Did you ever wonder how social networking applications like Facebook and LinkedIn make recommendations on the people you should friend or pages you should follow?
Behind the scenes are machine learning models that classify nodes based on the data they contain about users—for example, their level of education, location or political affiliation. The models then use these classifications to recommend people and pages to each user. But there is significant bias in the recommendations made by these models—known as graph neural networks (GNNs)—as they rely on user features that are highly related to sensitive attributes such as gender or skin color.
Recognizing that the majority of users are reluctant to publicize their sensitive attributes, researchers at the Penn State College of Information Sciences and Technology have developed a novel framework which estimates sensitive attributes to help GNNs make fair recommendations.
“It has been widely reported that people tend to build relationships with those sharing the same sensitive attributes such as ages and regions,” said Enyan Dai, doctoral candidate in informatics and lead author on the research paper. “There are some existing machine learning models that aim to eliminate bias, but they require people’s sensitive attributes to make them fair and accurate. We are proposing to apply another model based on the very few sensitive attributes that we have (and instead look at other provided information) which could provide us very good insight to give fair predictions toward sensitive attributes such as your gender and skin color.”

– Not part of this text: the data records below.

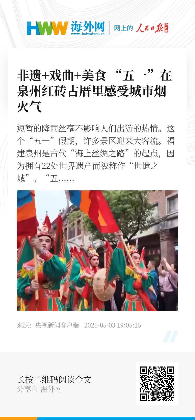 总台记者 吴燕敏:我在泉州古城的梨园广场,现场不仅有戏,还有美食、簪花、非遗、文创等等。这个假期,泉州的旅游文化体验非常丰富。
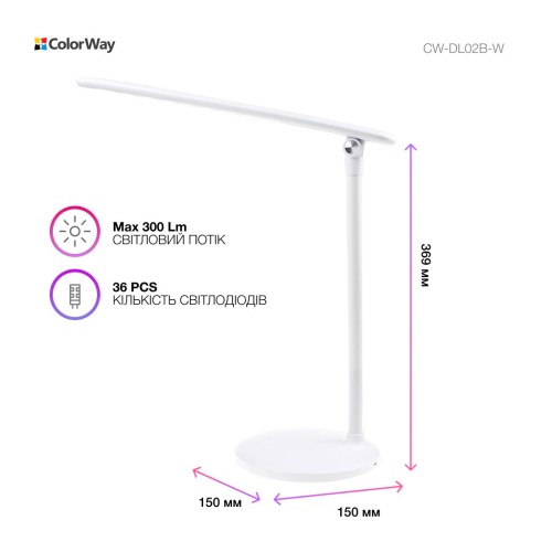 Настільна світлодіодна лампа ColorWay з вбудованим акумулятором. Стильний дизайн та функціональні можливості роблять лампу ColorWay не тільки елегантним елементом інтер'єру, але і незамінним аксесуаром, що допомагає підвищити продуктивність й ефективність роботи.
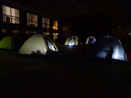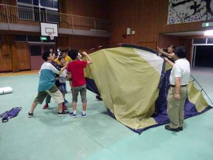 PTA校庭キャンプ4 公開日 2019/07/13 更新日 2019/07/16 事務室より 校庭キャンプ その4 カレーの後は、みんな講堂に集まって、お話を聞き、各学年の1位の発表がありました。 そのあとは、4年生の校庭キャンプです。テント設営(雨のため、講堂の中に張りました)をし、次にドラム缶風呂に入りました。そのあと、校内の肝試しに出かけました。 初めての、家庭を離れた宿泊体験の子も多かったようで、なかなか寝付けないようでした。 いいね(0)
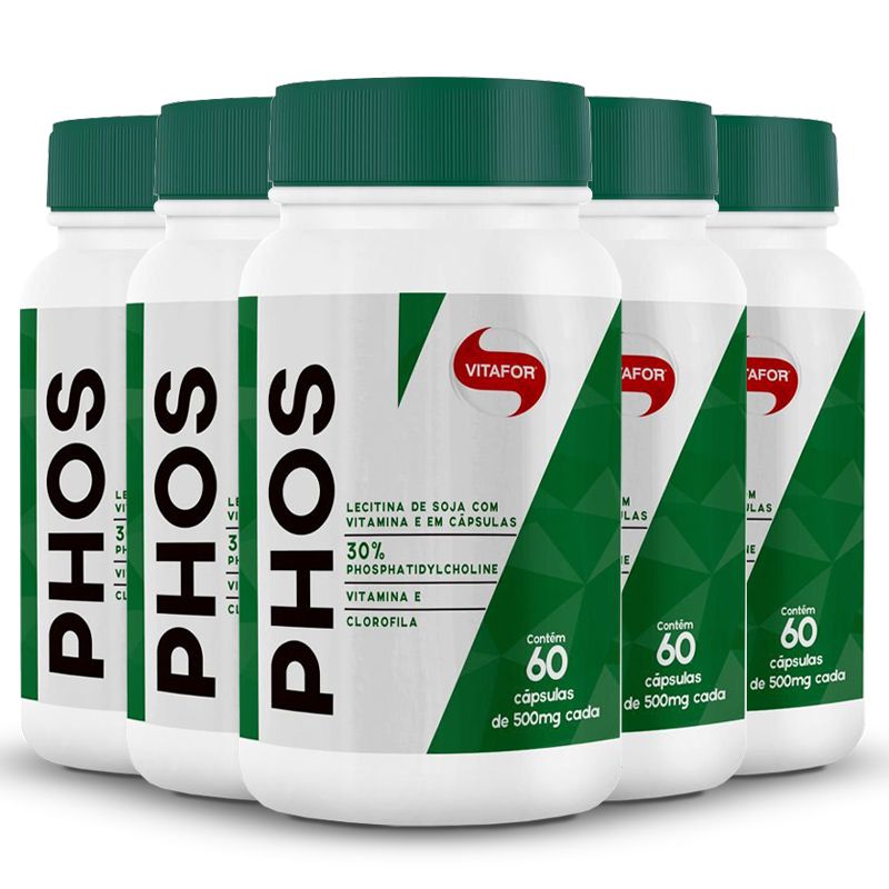 Kit 5 Lecitina de Soja Phos Fosfatidilcolina Vitafor 60 cápsulas

The researchers trained their model with two real-world datasets: user profiles on Pokec, a popular social network in Slovakia, similar to Facebook and Twitter; and a dataset of approximately 400 NBA basketball players. In the Pokec dataset, they treated the region in which each user was from as the sensitive attribute, and set the classification task to predict the working field of the users. In the NBA data, they identified players as those in the U.S. and those overseas, using location as the sensitive attribute with the classification task to predict whether the salary of each player is over the median.
They then used the same datasets to test their model with other state-of-the-art methods for fair classification. First, they evaluated FairGNN in terms of fairness and classification performance. Then, they performed “ablation studies”—which remove certain components of the model to test the significance of each component to the overall system—to further strengthen the model. They then tested whether FairGNN is effective when different amounts of sensitive attributes are provided in the training set.

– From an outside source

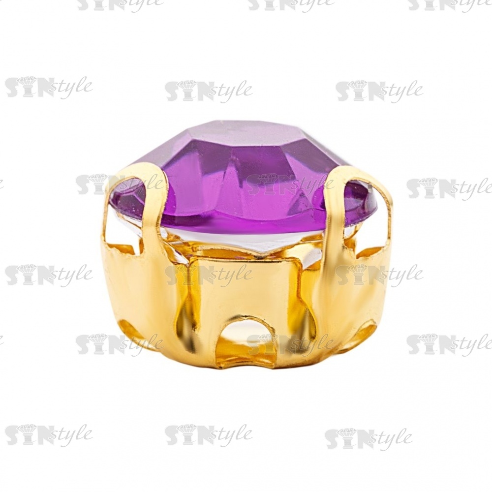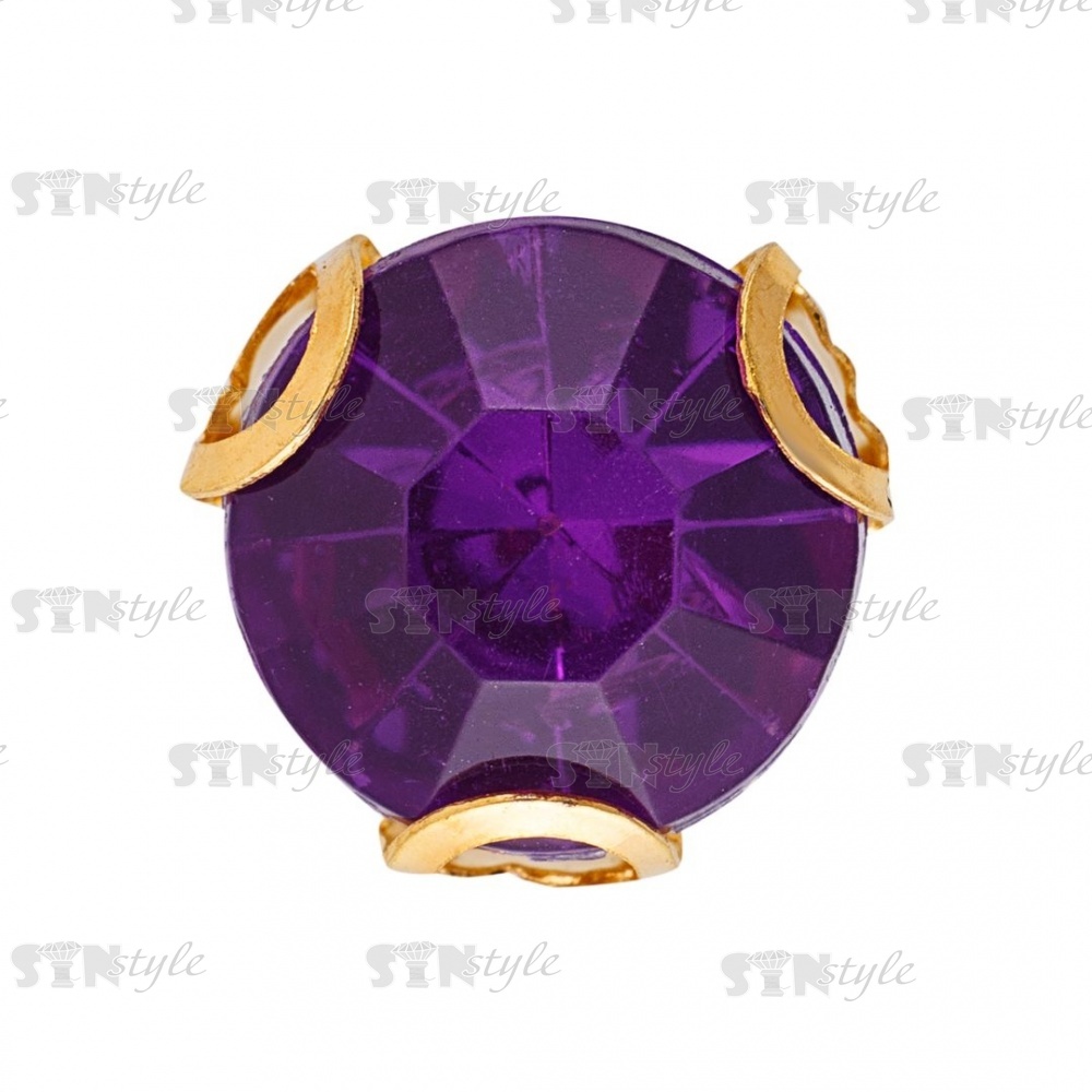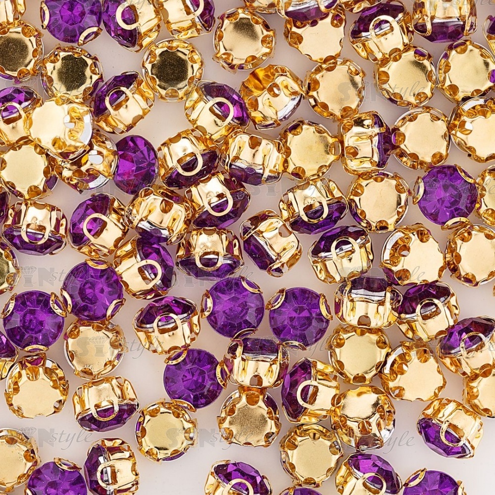 Стразы пришивные акриловые в цапах, форма круг, цвет золото+фиолетовый, диаметр 7 мм, 720 шт/уп.
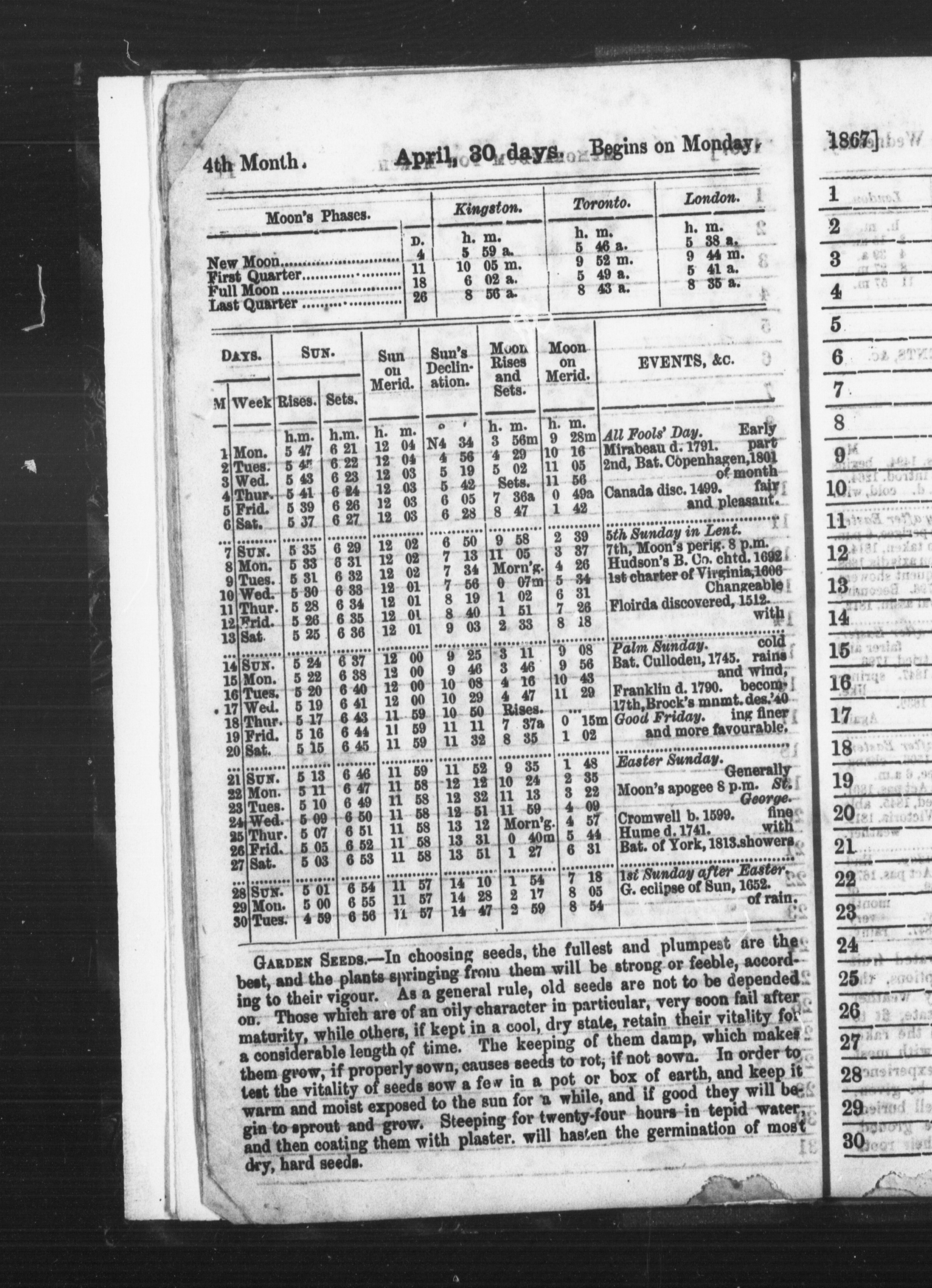 The Spectator Canadian farmer's almanac for the year of Our Lord 1867 : 1867

“Our experiment shows that the classification performance doesn’t decrease,” said Suhang Wang, assistant professor of information sciences and technology and principal investigator on the project. “But in terms of fairness, we can make the model much more fair.”

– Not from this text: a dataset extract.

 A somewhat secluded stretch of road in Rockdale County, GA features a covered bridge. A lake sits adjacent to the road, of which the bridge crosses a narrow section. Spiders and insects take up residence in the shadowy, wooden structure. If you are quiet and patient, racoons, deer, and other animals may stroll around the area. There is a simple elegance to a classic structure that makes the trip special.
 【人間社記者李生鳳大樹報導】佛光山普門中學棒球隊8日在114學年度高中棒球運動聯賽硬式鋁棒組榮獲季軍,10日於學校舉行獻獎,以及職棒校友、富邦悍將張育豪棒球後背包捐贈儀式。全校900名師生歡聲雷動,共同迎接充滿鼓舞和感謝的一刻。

According to the researchers, their framework could make an impact for other real-world use cases.
“Our findings could be useful in applications, such as job applicant rankings, crime detection or in financial loan applications,” said Wang. “But those are domains where we don’t want to introduce bias. So we want to give accurate predictions while maintaining fairness.”
Added Dai, “[If] this fair machine learning model could be introduced in these applications, we will have more fair data and this problem would be gradually dissolved.”
Dai and Wang presented their work this week at the virtual ACM International Conference on Web Search and Data Mining.